● **Saved entries**

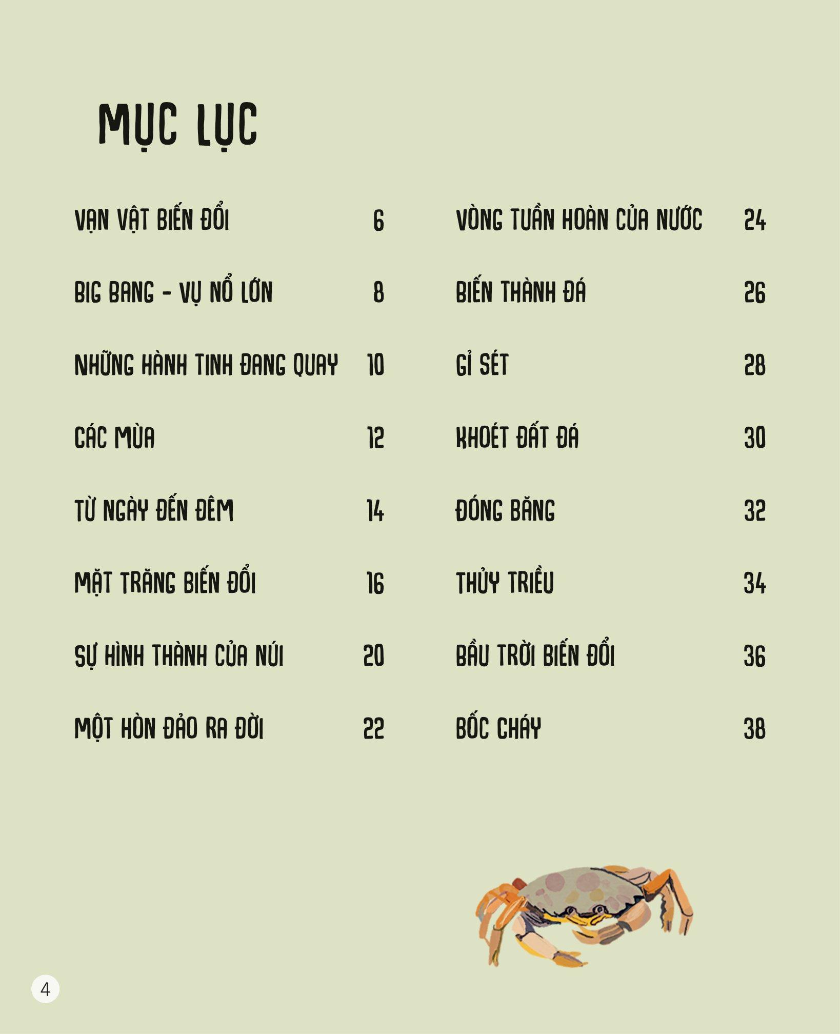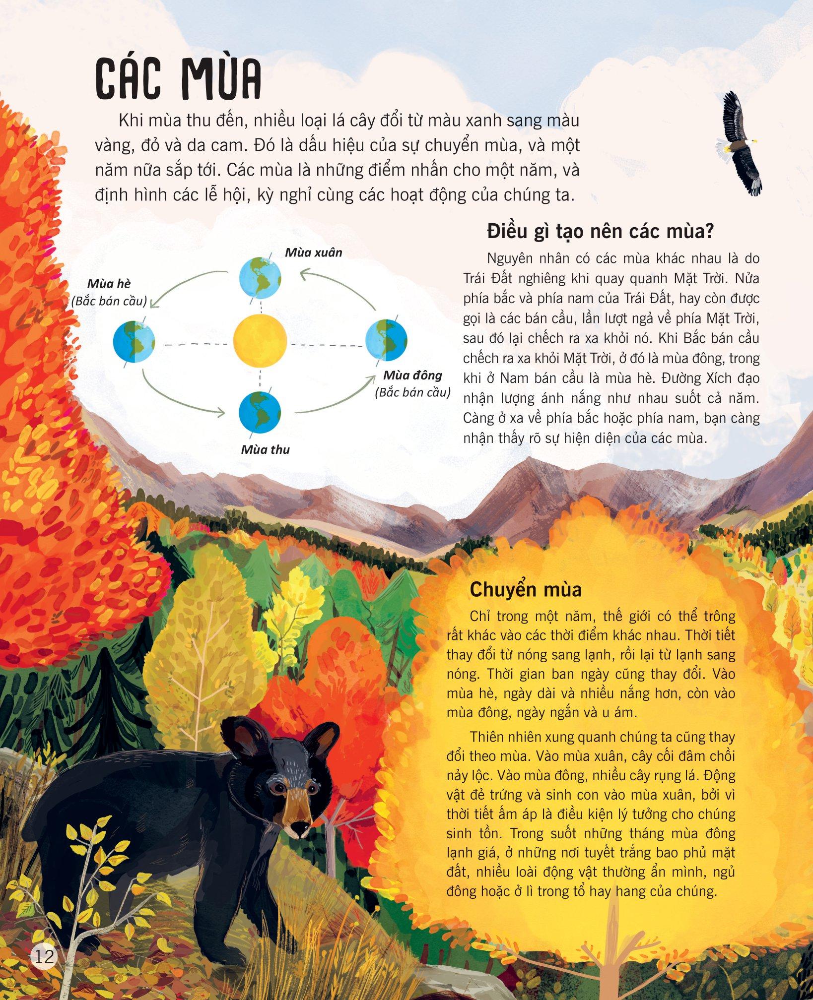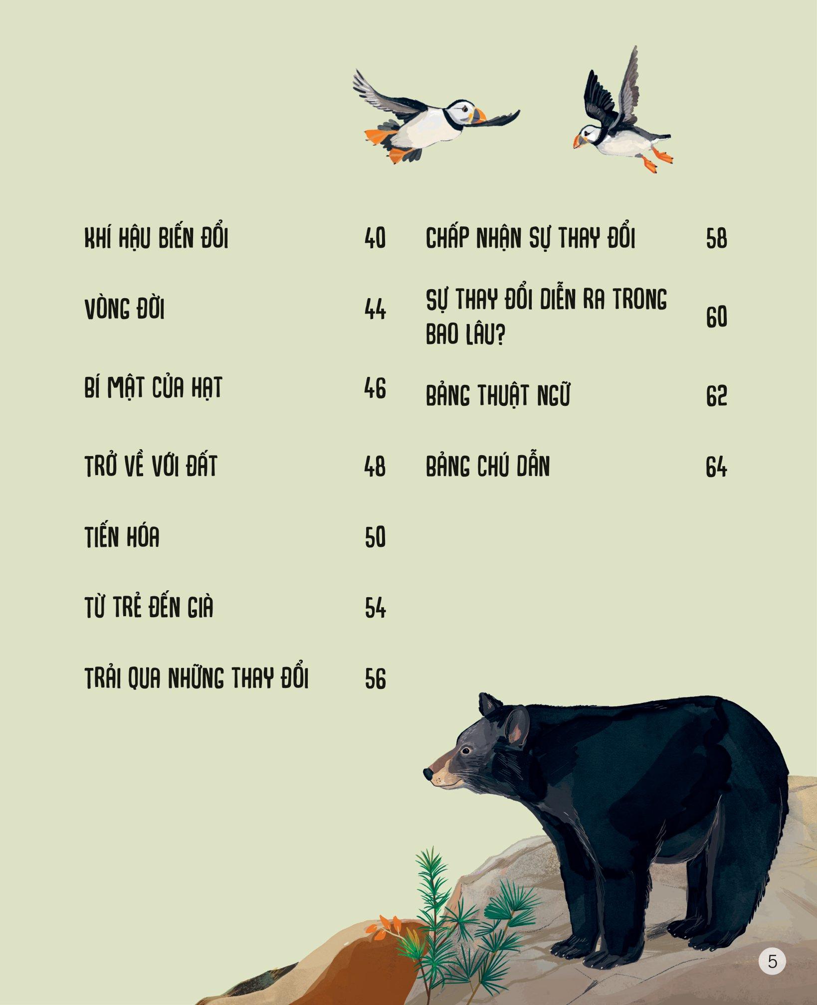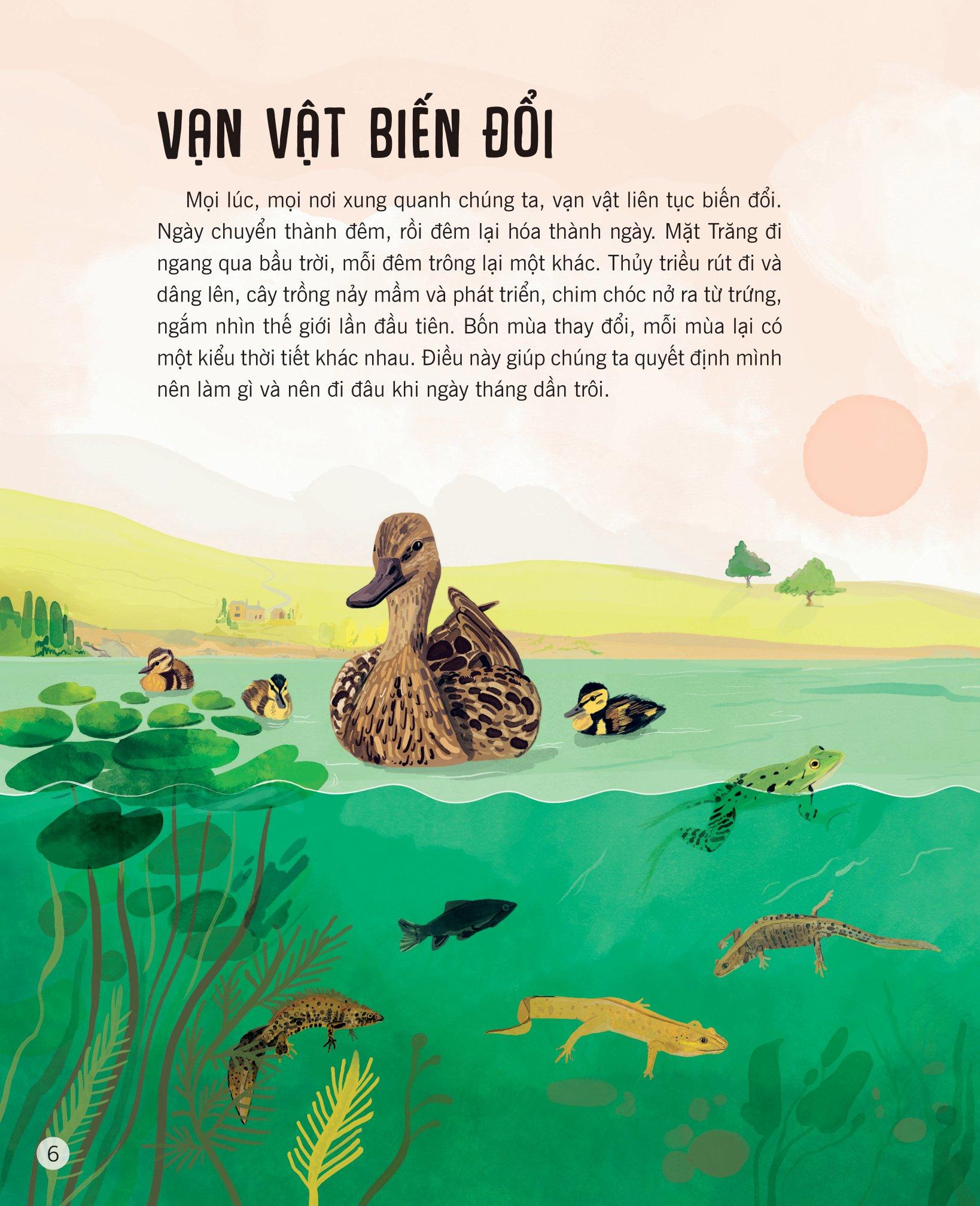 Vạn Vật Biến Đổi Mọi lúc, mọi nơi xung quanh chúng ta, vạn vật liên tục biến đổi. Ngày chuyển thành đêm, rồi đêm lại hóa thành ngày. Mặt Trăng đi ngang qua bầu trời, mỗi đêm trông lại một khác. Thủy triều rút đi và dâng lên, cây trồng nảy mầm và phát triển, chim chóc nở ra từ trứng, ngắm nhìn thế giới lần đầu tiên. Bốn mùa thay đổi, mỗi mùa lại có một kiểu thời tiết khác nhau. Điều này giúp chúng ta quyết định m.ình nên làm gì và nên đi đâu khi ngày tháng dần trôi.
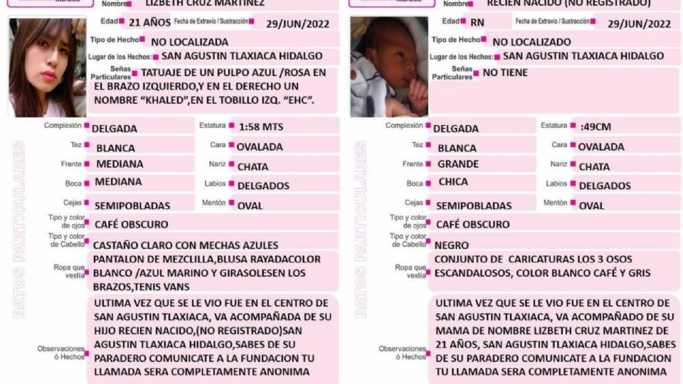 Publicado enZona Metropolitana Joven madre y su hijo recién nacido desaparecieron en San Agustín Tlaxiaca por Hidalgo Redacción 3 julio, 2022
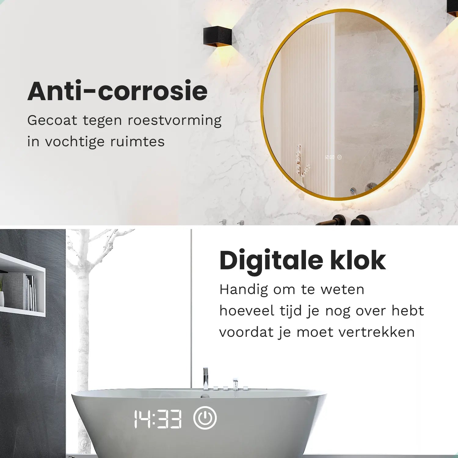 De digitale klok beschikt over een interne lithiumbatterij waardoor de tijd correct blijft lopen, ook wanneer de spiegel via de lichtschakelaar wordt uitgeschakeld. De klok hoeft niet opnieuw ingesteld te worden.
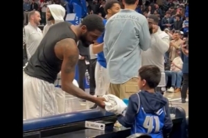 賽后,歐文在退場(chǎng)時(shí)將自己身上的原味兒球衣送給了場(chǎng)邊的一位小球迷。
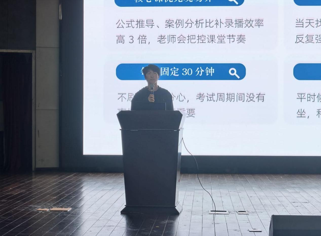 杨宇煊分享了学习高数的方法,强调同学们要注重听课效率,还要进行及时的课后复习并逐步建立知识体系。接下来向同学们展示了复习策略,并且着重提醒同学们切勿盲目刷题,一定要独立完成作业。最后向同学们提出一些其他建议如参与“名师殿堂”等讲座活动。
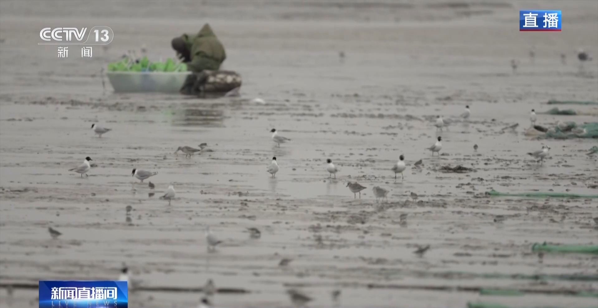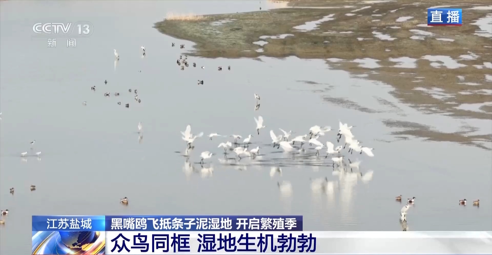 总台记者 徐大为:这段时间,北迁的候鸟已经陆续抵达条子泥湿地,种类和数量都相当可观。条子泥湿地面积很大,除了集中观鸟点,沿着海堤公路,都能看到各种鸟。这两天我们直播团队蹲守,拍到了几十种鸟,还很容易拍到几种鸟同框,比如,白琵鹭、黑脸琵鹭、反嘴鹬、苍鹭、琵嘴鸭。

● **Task prompt**
Omit the pictures, then give every record back exactly as it stands.

● **Solution to the problem**
 Vạn Vật Biến Đổi Mọi lúc, mọi nơi xung quanh chúng ta, vạn vật liên tục biến đổi. Ngày chuyển thành đêm, rồi đêm lại hóa thành ngày. Mặt Trăng đi ngang qua bầu trời, mỗi đêm trông lại một khác. Thủy triều rút đi và dâng lên, cây trồng nảy mầm và phát triển, chim chóc nở ra từ trứng, ngắm nhìn thế giới lần đầu tiên. Bốn mùa thay đổi, mỗi mùa lại có một kiểu thời tiết khác nhau. Điều này giúp chúng ta quyết định m.ình nên làm gì và nên đi đâu khi ngày tháng dần trôi.
 Publicado enZona Metropolitana Joven madre y su hijo recién nacido desaparecieron en San Agustín Tlaxiaca por Hidalgo Redacción 3 julio, 2022
 De digitale klok beschikt over een interne lithiumbatterij waardoor de tijd correct blijft lopen, ook wanneer de spiegel via de lichtschakelaar wordt uitgeschakeld. De klok hoeft niet opnieuw ingesteld te worden.
 賽后,歐文在退場(chǎng)時(shí)將自己身上的原味兒球衣送給了場(chǎng)邊的一位小球迷。
 杨宇煊分享了学习高数的方法,强调同学们要注重听课效率,还要进行及时的课后复习并逐步建立知识体系。接下来向同学们展示了复习策略,并且着重提醒同学们切勿盲目刷题,一定要独立完成作业。最后向同学们提出一些其他建议如参与“名师殿堂”等讲座活动。
 总台记者 徐大为:这段时间,北迁的候鸟已经陆续抵达条子泥湿地,种类和数量都相当可观。条子泥湿地面积很大,除了集中观鸟点,沿着海堤公路,都能看到各种鸟。这两天我们直播团队蹲守,拍到了几十种鸟,还很容易拍到几种鸟同框,比如,白琵鹭、黑脸琵鹭、反嘴鹬、苍鹭、琵嘴鸭。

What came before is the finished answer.